Hormel Foods, the American food group known for its precooked meats, climbs on Wall Street following quarterly results. For its first fiscal quarter of 2024, the group posted stable revenues of $3 billion, compared to a consensus of around $2.9 billion. Adjusted earnings per share were 41 cents versus 34 cents consensus. For fiscal 2024, the group forecasts net sales growth of 1-3%, which assumes volume growth in key categories. Adjusted diluted net income per share is still expected between $1.51 and $1.65.
Electronic Arts, the American video game publisher, plans to cut around 5% of its global workforce as part of a restructuring plan that also includes a reduction in real estate footprint. The group expects to record corresponding charges ranging from $125 million to $165 million. Most of the actions under this plan should be finalized before the end of the year. Last year, the group had around 13,400 employees, two thirds of whom were international.
Apple should unveil its generative artificial intelligence projects this year, said Apple group CEO Tim Cook at the annual general meeting of shareholders yesterday. Cook said the Cupertino, California-based group saw incredible potential for progress in generative AI. “That’s why we’re currently investing significantly in this area. We believe it will unlock transformative opportunities for users in terms of productivity, problem solving and much more,” said the Apple executive, which nevertheless seems to have for the moment been a little slower than the competition in the deployment of such tools, in the face of visible progress from Microsoft – with OpenAI – and Alphabet.

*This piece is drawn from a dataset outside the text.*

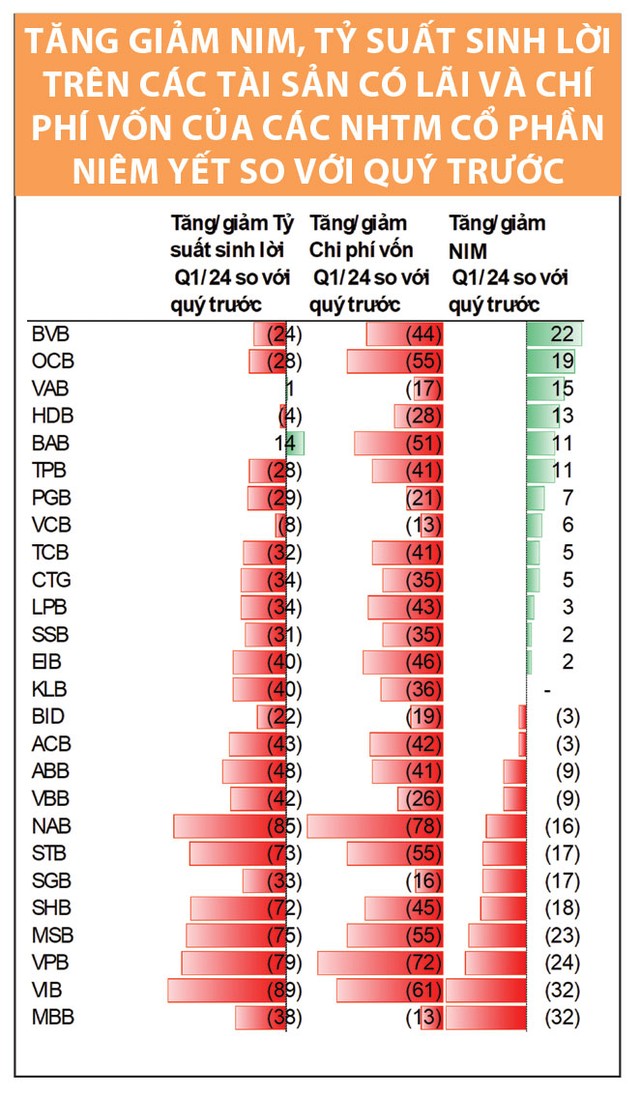 Nếu như nhìn vào dữ liệu của từng NHTM niêm yết thì việc giảm NIM có sự phân hóa thậm chí một vài NHTM quy mô nhỏ còn ghi nhận mức tăng NIM khá tốt. Theo thống kê của chúng tôi, có khoảng 13/26 ngân hàng niêm yết ghi nhận NIM quý I/2024 tăng so với quý trước đó, đa phần là các NHTM có quy mô nhỏ và có biên lãi ròng thấp trước đó, một số ít là ngân hàng lớn có ưu thế về chi phí vốn. Bên cạnh đó, có thể nói, hầu như không có ngân hàng có khả năng nâng tỷ suất sinh lời trên tài sản sinh lãi trong quý I/2024, mà việc cải thiện NIM chủ yếu đến từ ưu thế chí phí vốn giảm.

Cook, however, claims that AI was already at work “behind the scenes” on Apple products. It promises more new features and explicit AI features later this year. Bloomberg for its part clarified that Apple plans to use AI to improve the searchability of data stored on its devices. Cook says that every Mac powered by Apple silicon is in fact already “an extraordinarily capable AI machine. In fact, there is no better computer for AI on the market today.”